[Recorded data]
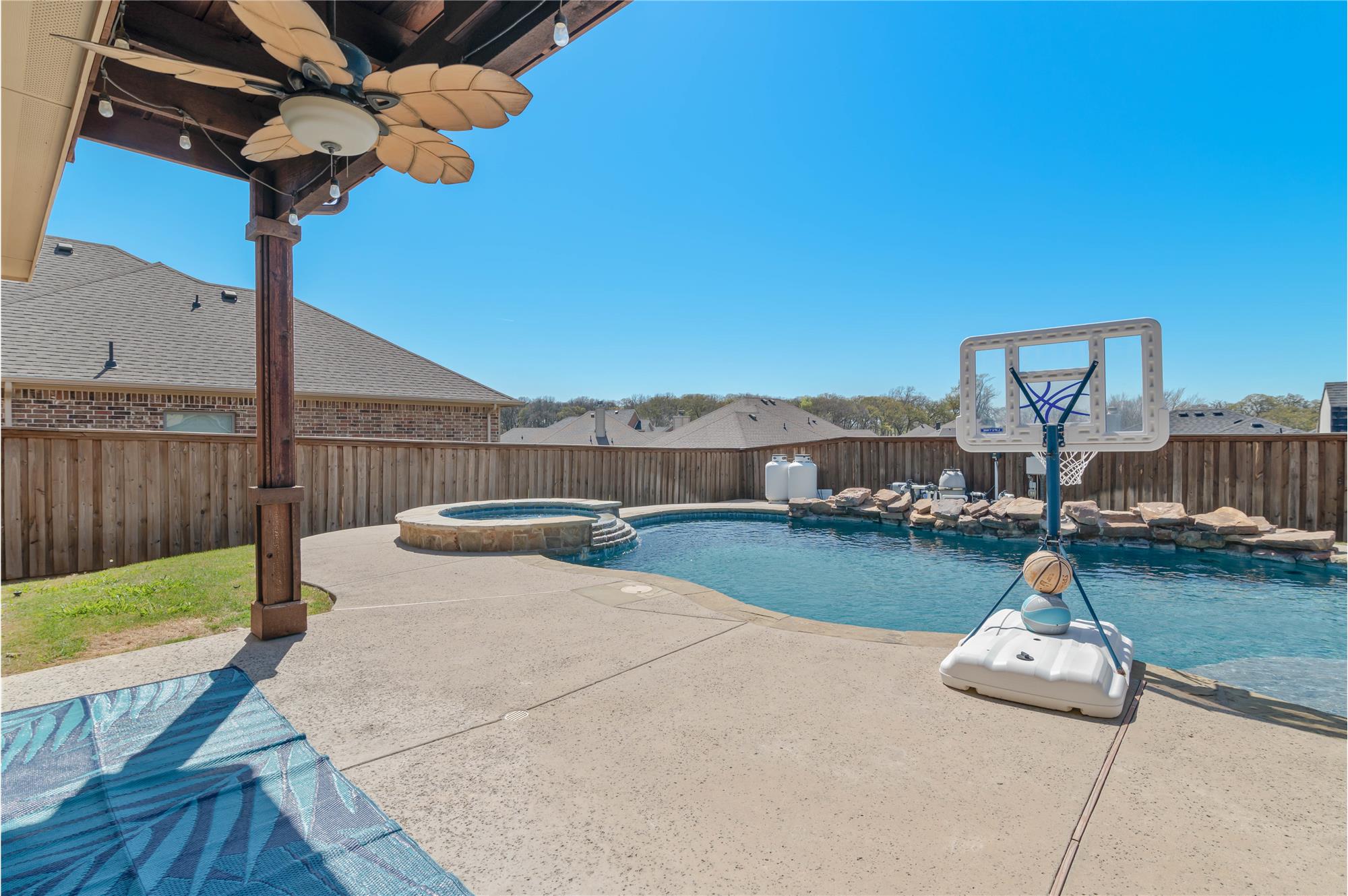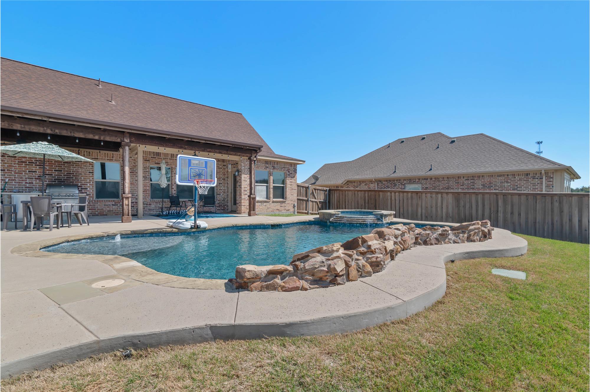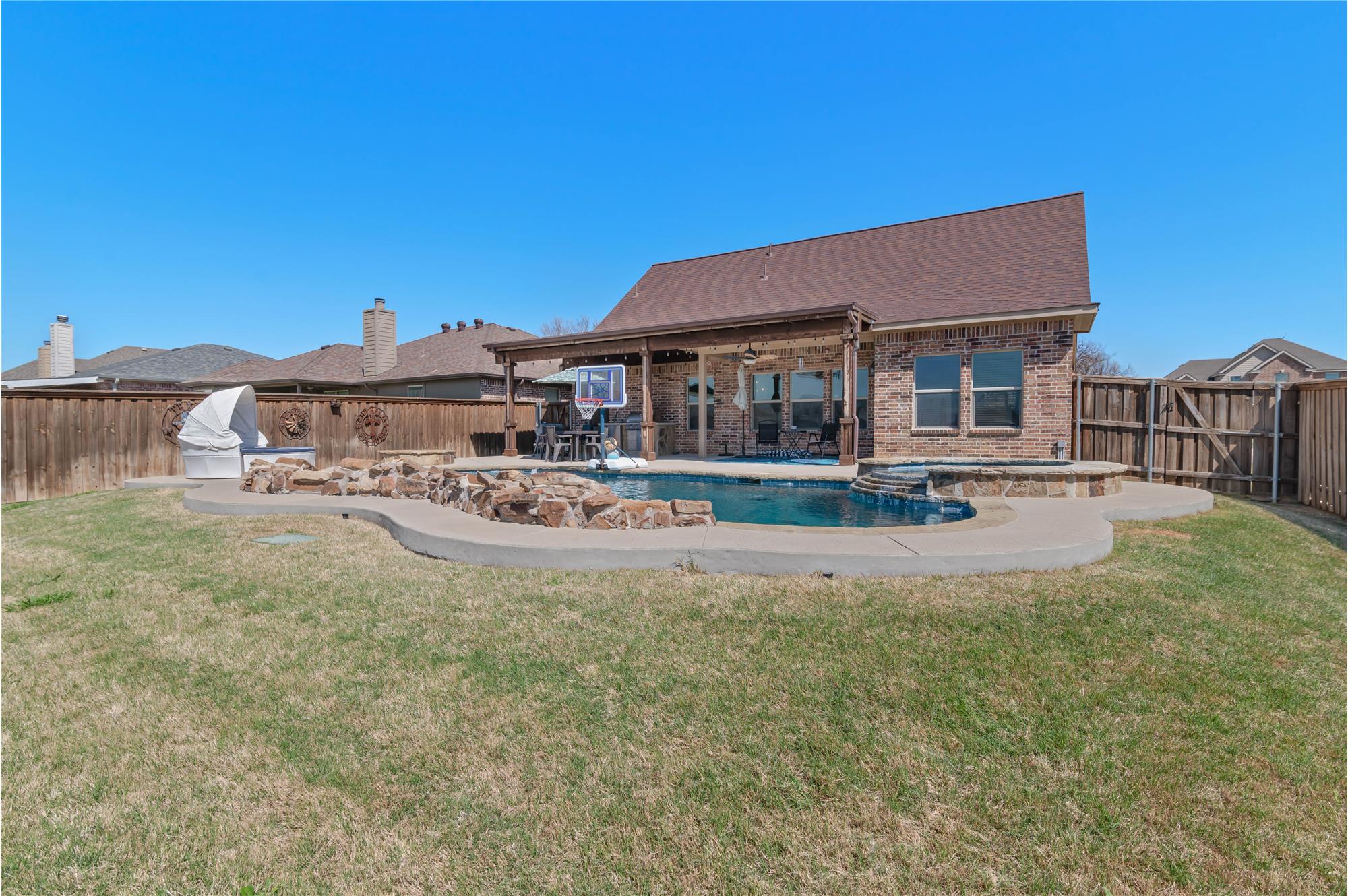 Resort-style backyard, no HOA, and a cul-de-sac location — this one delivers on every level. Tucked on a quiet street in Glen Oaks of Aubrey, this well-maintained 3-bedroom, 2.5-bath traditional brick home offers 2,060 sq ft of thoughtfully designed living space with the primary suite downstairs and exceptional outdoor living rarely found at this price point. Inside, the main level features luxury vinyl plank flooring and easy-care tile throughout — no carpet downstairs. The open layout flows from a large living room with views over the pool, into a generous kitchen nook and separate formal dining room. Upstairs you'll find two additional bedrooms, a full bath, and a large bonus room. The primary suite is a true retreat on the main floor with an en-suite bath featuring dual sinks, garden tub, and separate shower. Step outside to a resort-style freeform pool with attached spa and natural stone waterfall, stamped concrete surround, and a fully equipped outdoor kitchen area under a large covered patio with wood beam ceiling, ceiling fan, and string lights. Updated board-on-board privacy fence completes the outdoor space. Water heater is 1 year old and new roof in 2022! Zoned to Aubrey ISD. Minutes from Hwy 380 with quick access to Denton, Frisco, and the North Dallas Tollway. No HOA. Schedule your showing today!
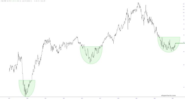 This new chart of palladium divided by the US dollar index illustrates one of the reasons I think palladium is headed for a long-term bull market.
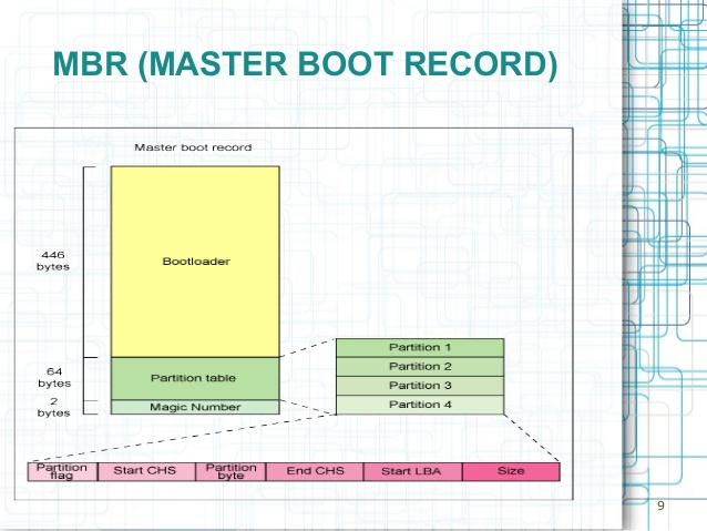 Được giới thiệu vào năm 1983. MBR chứa thông tin về cách phân vùng logical và các hệ thống tệp tin được sắp xếp trên đĩa và chứa Bootloader (bộ tải khởi động) được cài đặt trên hệ điều hành. MBR hỗ trợ tối đa bốn phân vùng chính nếu muốn nhiều phân vùng hơn bạn phải thực hiện chuyển đổi 1 trong những phân vùng chính thành "extended partition" (phân vùng mở rộng) và tạo phân vùng Logical bên trong phân vùng đó, mbr sử dụng 32 bit để lưu trữ các địa chỉ khối và đối với các ổ đĩa cứng có các sector 512 byte mbr chỉ xử lý tối đa 2TB. Trên ổ đĩa MBR, dữ liệu phân vùng và dữ liệu khởi động được lưu trữ ở một vị trí. Nếu dữ liệu này bị ghi đè hoặc bị hỏng thì coi như bạn gặp rắc rối rồi đó.
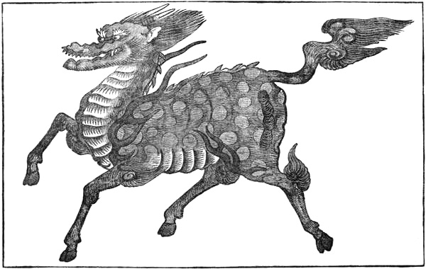 [304] “The Chinese have a tradition that this animal skips, and is so holy or harmless that it won’t even tread upon an insect, and that it is to come in the shape of an incomparable man, a revealer of mysteries, supernatural and divine, and a great lover of all mankind, who is expected to come, about the time of a particular constellation in the heavens, on a special mission for their benefit. The Japanese unicorn answers the description of the animal bearing that name, and supposed to be still extant in Ethiopia, and which is equal to the size of a small horse, reddish in colour, and slender as a gazelle, the male having one horn. The unicorn is the ancient crest of the kings of Israel, and is still retained by the Mikado.” Epitome of the Ancient History of Japan, p. 116; N. McLeod, Nagasaki, 1875.
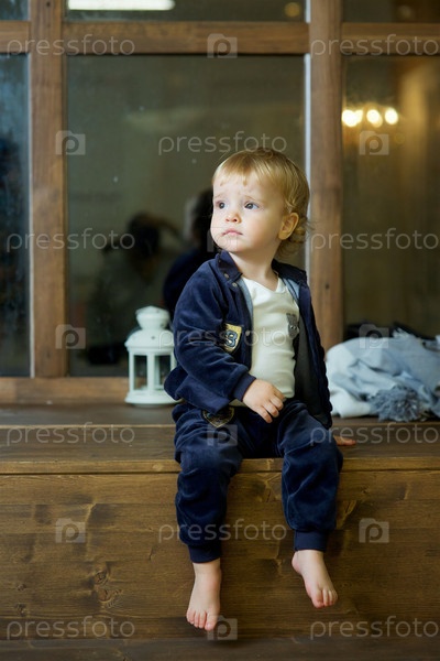 Ребенок мальчик 1 года сидит на деревянной поверхности и играет с фарфоровым чайником. Младенец с белыми волосами и локонами в темно-синей одежде. Детские развлечения и досуг

Work instruction -
When pictures appear in the records above, leave them out and reproduce exactly each line from the first through the line containing "This new chart", both included.

Written answer -
 Resort-style backyard, no HOA, and a cul-de-sac location — this one delivers on every level. Tucked on a quiet street in Glen Oaks of Aubrey, this well-maintained 3-bedroom, 2.5-bath traditional brick home offers 2,060 sq ft of thoughtfully designed living space with the primary suite downstairs and exceptional outdoor living rarely found at this price point. Inside, the main level features luxury vinyl plank flooring and easy-care tile throughout — no carpet downstairs. The open layout flows from a large living room with views over the pool, into a generous kitchen nook and separate formal dining room. Upstairs you'll find two additional bedrooms, a full bath, and a large bonus room. The primary suite is a true retreat on the main floor with an en-suite bath featuring dual sinks, garden tub, and separate shower. Step outside to a resort-style freeform pool with attached spa and natural stone waterfall, stamped concrete surround, and a fully equipped outdoor kitchen area under a large covered patio with wood beam ceiling, ceiling fan, and string lights. Updated board-on-board privacy fence completes the outdoor space. Water heater is 1 year old and new roof in 2022! Zoned to Aubrey ISD. Minutes from Hwy 380 with quick access to Denton, Frisco, and the North Dallas Tollway. No HOA. Schedule your showing today!
 This new chart of palladium divided by the US dollar index illustrates one of the reasons I think palladium is headed for a long-term bull market.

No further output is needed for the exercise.